Dear Reviewer and Editor:

We appreciate the thorough and constructive feedback provided by the reviewer and the editor. We are particularly encouraged by reviewer’s positive assessment that “The authors have chosen a very relevant topic and have meticulously conducted extensive background work on the same.” Further, the editor too noted: “The article covers a very important topic of immediate relevance”. We have carefully considered all comments and suggestions and have made appropriate revisions to strengthen the manuscript. Our responses are in red below. Page numbers where we made edits are highlighted in yellow in the track change version to easily find the edits.

Reviewer #1: The authors have chosen a very relevant topic and have meticulously conducted extensive background work on the same. They have identified various domains of determinants and outcomes for addressing this research question. This is a descriptive study with an analytical component to look for factors associated with the service delivery of Integrated Child Development Services (ICDS). Secondary data analysis has been done. There has been no data collection specifically to answer this research question. The paper has been written very well.

A few queries

1. The Caste variable – it has been speculated in the article that the reason AWWs from SC/ST backgrounds are unable to perform their responsibilities concerning growth monitoring and home visits is because of caste dynamics. However, it has also been mentioned in the paper that the model was adjusted for Caste status. It is a very sensitive topic and needs to be treated carefully.

Response to reviewer: Thank you for this insight. Yes, you’re right that we controlled for household caste and still found that AWW caste was associated with service delivery outcomes, so we have now revised our discussion of this finding to more carefully present the possible interpretations.

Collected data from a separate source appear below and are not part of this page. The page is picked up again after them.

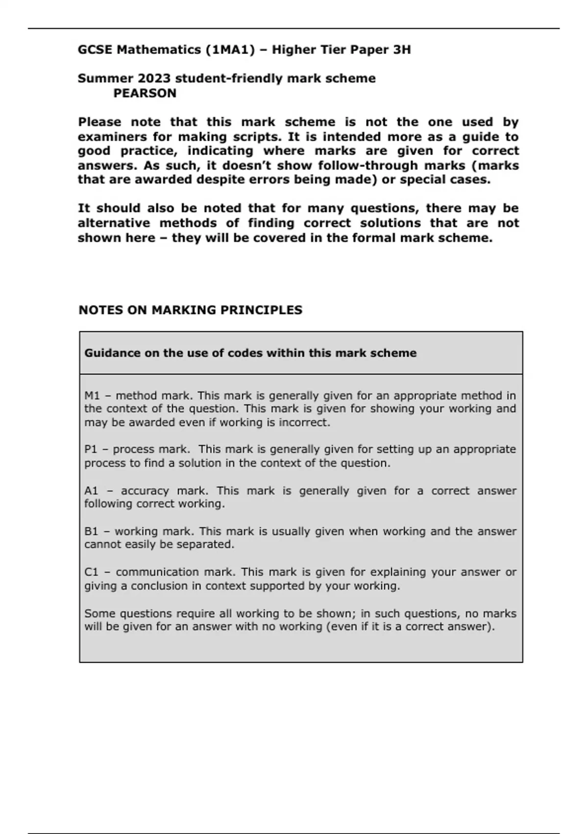GCSE Mathematics (1MA1) – Higher Tier Paper 3H Summer 2023 student-friendly mark scheme PEARSON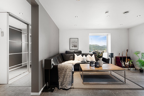 Gulv/tak samt yttervegger er av betong så leiligheten er godt lydisolert.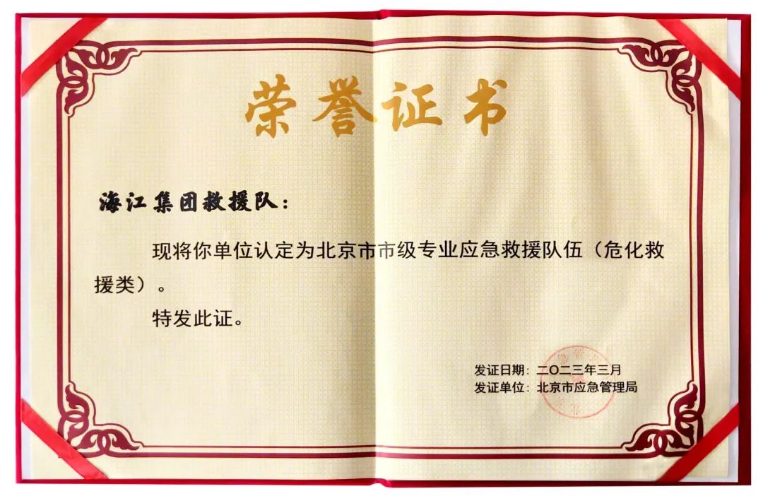 ? ? 近日,北京市應(yīng)急管理局授予海江集團(tuán)救援隊(duì)為“北京市市級(jí)專業(yè)應(yīng)急救援隊(duì)”,這是對(duì)海江集團(tuán)應(yīng)急救援力量莫大的肯定。海江集團(tuán)救援隊(duì)也將再接再厲,持續(xù)把建設(shè)專業(yè)應(yīng)急救援隊(duì)伍作為一項(xiàng)重要工作,扎實(shí)推進(jìn)專業(yè)應(yīng)急救援隊(duì)伍建設(shè)。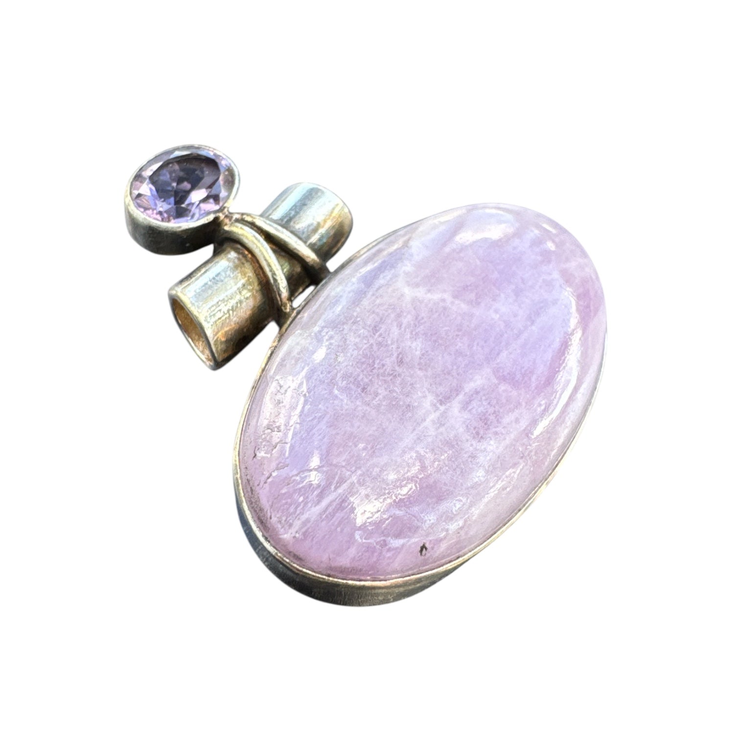 Pink Kunzite & Amethyst Solid 925 Sterling Silver Pendant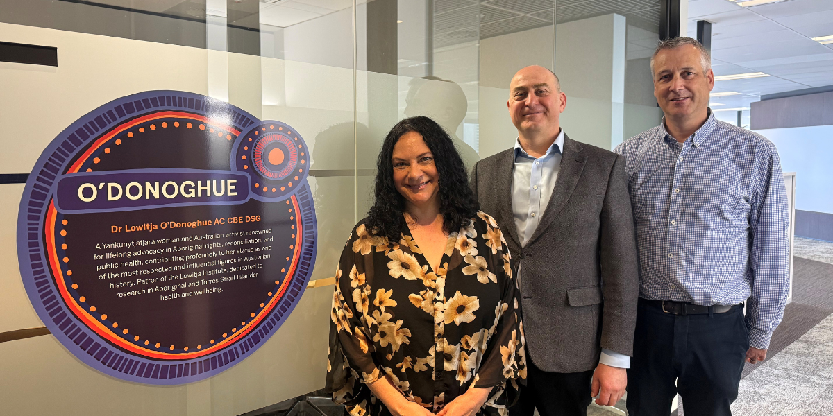 During her visit, Deb spent time in the newly named O’Donoghue Room with our CEO Stuart Mitchell and Reconciliation Action Plan Working Group member Colin McNeil, reflecting on Dr O’Donoghue’s legacy. Deb reflected on the visit:
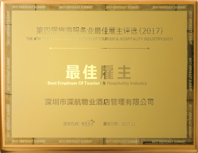 由最佳东方主办的“2017最佳东方高峰论坛暨旅游服务业最佳雇主颁奖盛典”于2017年11月3日在杭州圆满闭幕。深航酒店管理公司喜获“2017旅游服务业最佳雇主”奖项。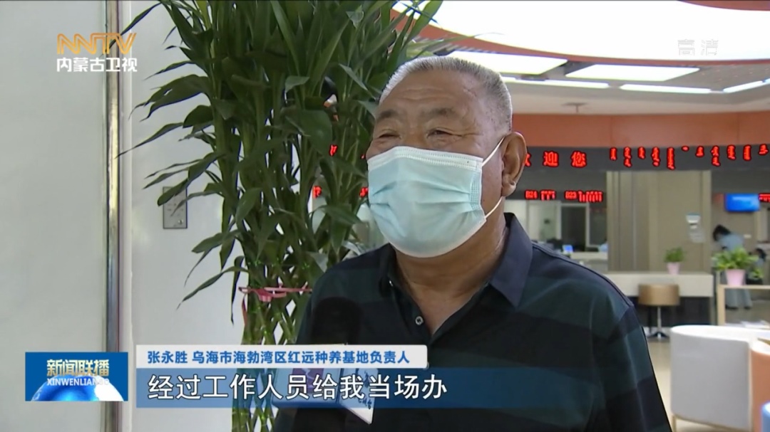 張永勝 烏海市海勃灣區(qū)紅遠(yuǎn)種養(yǎng)基地負(fù)責(zé)人  我原來想的辦這個(gè)東西挺費(fèi)勁,經(jīng)過工作人員給我當(dāng)場辦,比我想象的還要快,我非常高興。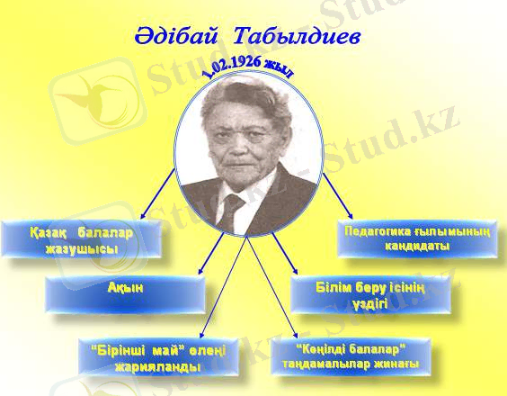 Әрі ақын, әрі жазушы Әдібай Табылдиев 1926 жылдың 1 ақпанында Жамбыл облысы Т. Рысқұлов ауданында дүниеге келген.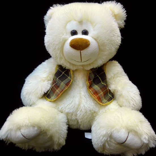 This is a teddy bear with a lovely and cute design. It is dressed in a printed vest with colorful checked patterns. The high-quality polyester material lets it have a smooth and soft texture.

First, we acknowledge the fact that we controlled for household caste. Our findings indicate that AWWs from Scheduled Caste/Scheduled Tribe backgrounds had lower odds of providing growth monitoring services and conducting home visits, even after controlling for household caste. We further added:

“This observed association may reflect complex social dynamics that quantitative analysis alone cannot fully explain. While previous qualitative research from Bihar (John et al., 2020) suggests that caste-based social hierarchies can affect service delivery, other unmeasured factors correlated with AWW caste may also contribute to these differences. Future research using mixed methods would be valuable to better understand the specific mechanisms through which AWW caste relates to service delivery, particularly examining how institutional, community, and interpersonal factors interact to create barriers or facilitators for AWWs from different caste backgrounds.”

Please refer to Page 14 of 19 for revised discussion paragraph on caste dynamics.

2. The paper has identified that ‘training’ is an essential determinant of the service delivery of ICDS. However, the methods section does not elaborate on what this training entails. Is it ever trained/never trained? Or Trained in the last 1-year vs more than a year ago? Also the contents of the training, taught by whom etc. This is essential as it has become the single most influential factor across domains.

Response to reviewer: Thank you for highlighting this important point. In the revised manuscript, we have included this detailed explanation in the methods section to provide readers with a clearer understanding of how this key variable was operationalized, especially given its significant association with service delivery outcomes across multiple domains. Page 6 of 18 clearly defines how training variable was coded.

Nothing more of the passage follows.